Restate each line below word for word, skipping every picture.

*Available data*
□ □ □ □

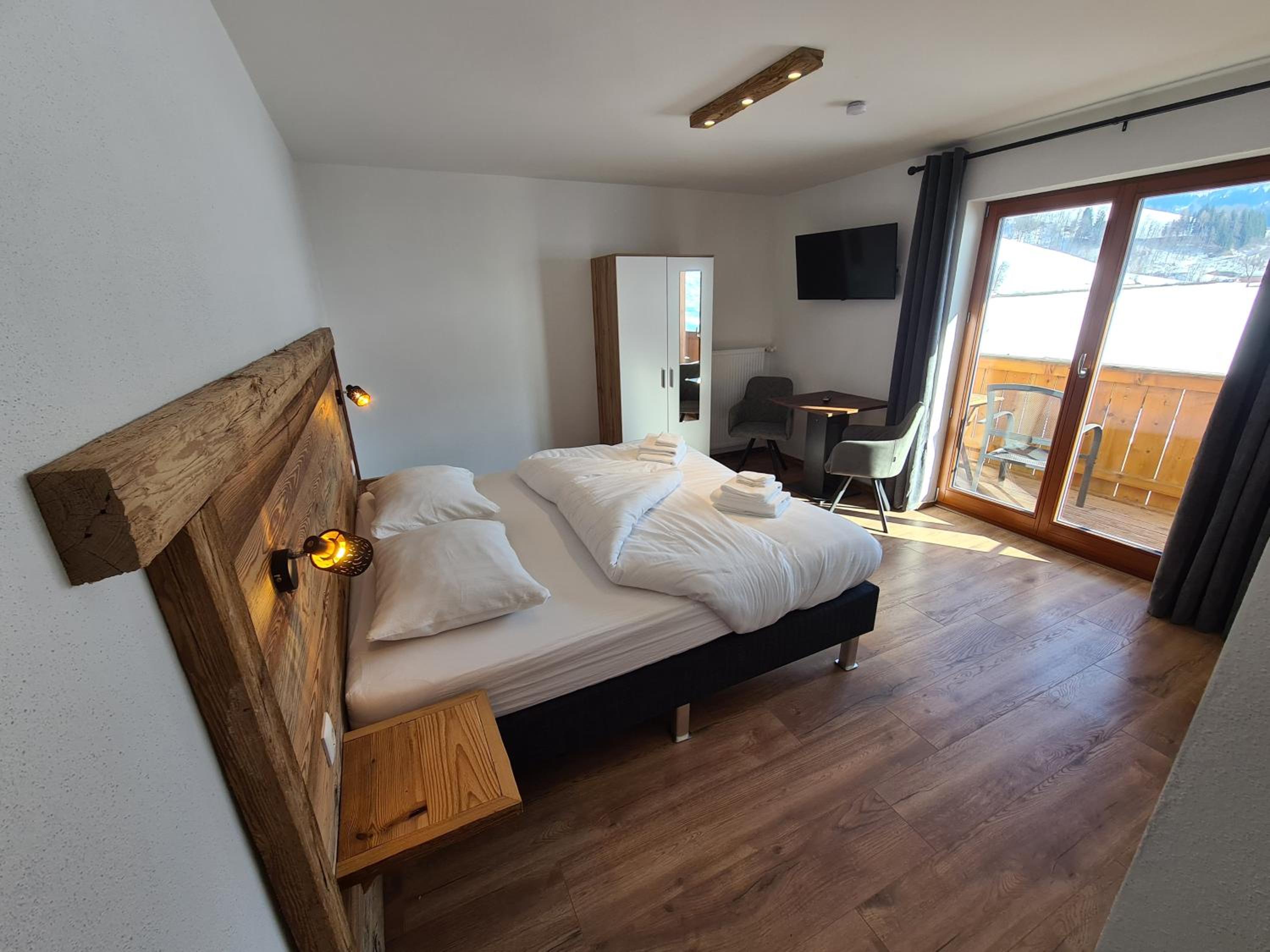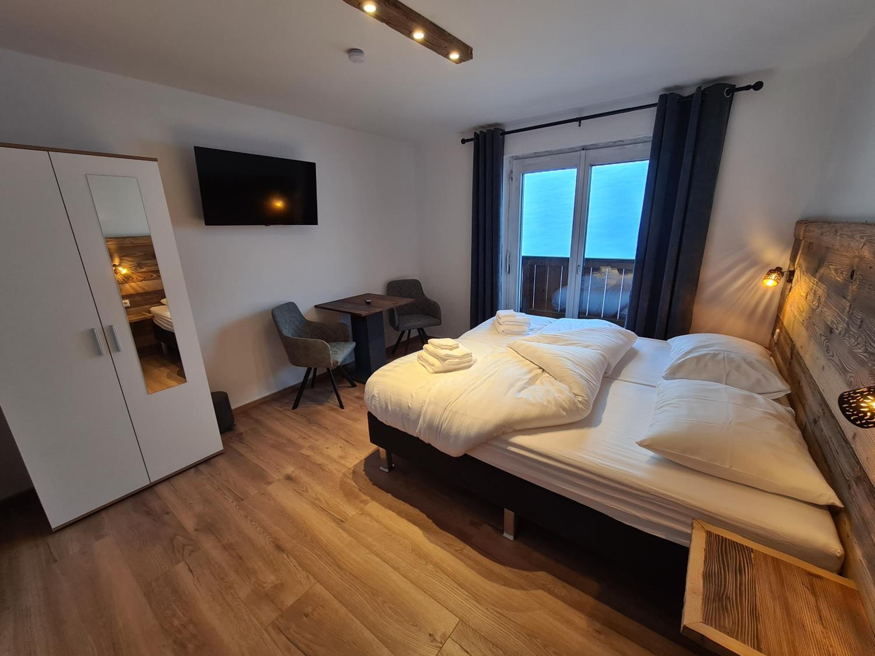 Erg leuk hotel aan de rand van prachtig alpendorpje, gerund zeer vriendelijk jong stel die hun ziel en zaligheid leggen in dit hotelletje. We hadden een lekkere, schone kamer met balkon en zicht op de bergen. We waren er in de week van oud en nieuw. Oudejaarsavond werd gevierd met verse, in eigen keuken gemaakte oliebollen, er was een glaasje bubbels en vuurwerk tijdens de jaarwisseling. Er wordt lekker gekookt in eigen keuken, dagelijks soepje, hoofdgerecht (keuze uit 3 waarvan altijd een vegetarisch), en toetje. Eetruimte is gezellig ingericht met open haard en bar. Toen wij er waren was alles sfeervol in kerstsfeer met mooie kerstbomen en prachtige lichtjesboom in de tuin.
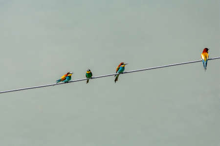 Group of bee-eaters on a wire in the blue sky
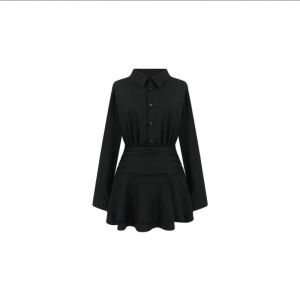 プラスサイズデザイン長袖ドレスシャツシャツ新しい気質白ウエスト痩身フレンチドレススカート

□ □ □ □

*Result below*
 Erg leuk hotel aan de rand van prachtig alpendorpje, gerund zeer vriendelijk jong stel die hun ziel en zaligheid leggen in dit hotelletje. We hadden een lekkere, schone kamer met balkon en zicht op de bergen. We waren er in de week van oud en nieuw. Oudejaarsavond werd gevierd met verse, in eigen keuken gemaakte oliebollen, er was een glaasje bubbels en vuurwerk tijdens de jaarwisseling. Er wordt lekker gekookt in eigen keuken, dagelijks soepje, hoofdgerecht (keuze uit 3 waarvan altijd een vegetarisch), en toetje. Eetruimte is gezellig ingericht met open haard en bar. Toen wij er waren was alles sfeervol in kerstsfeer met mooie kerstbomen en prachtige lichtjesboom in de tuin.
 Group of bee-eaters on a wire in the blue sky
 プラスサイズデザイン長袖ドレスシャツシャツ新しい気質白ウエスト痩身フレンチドレススカート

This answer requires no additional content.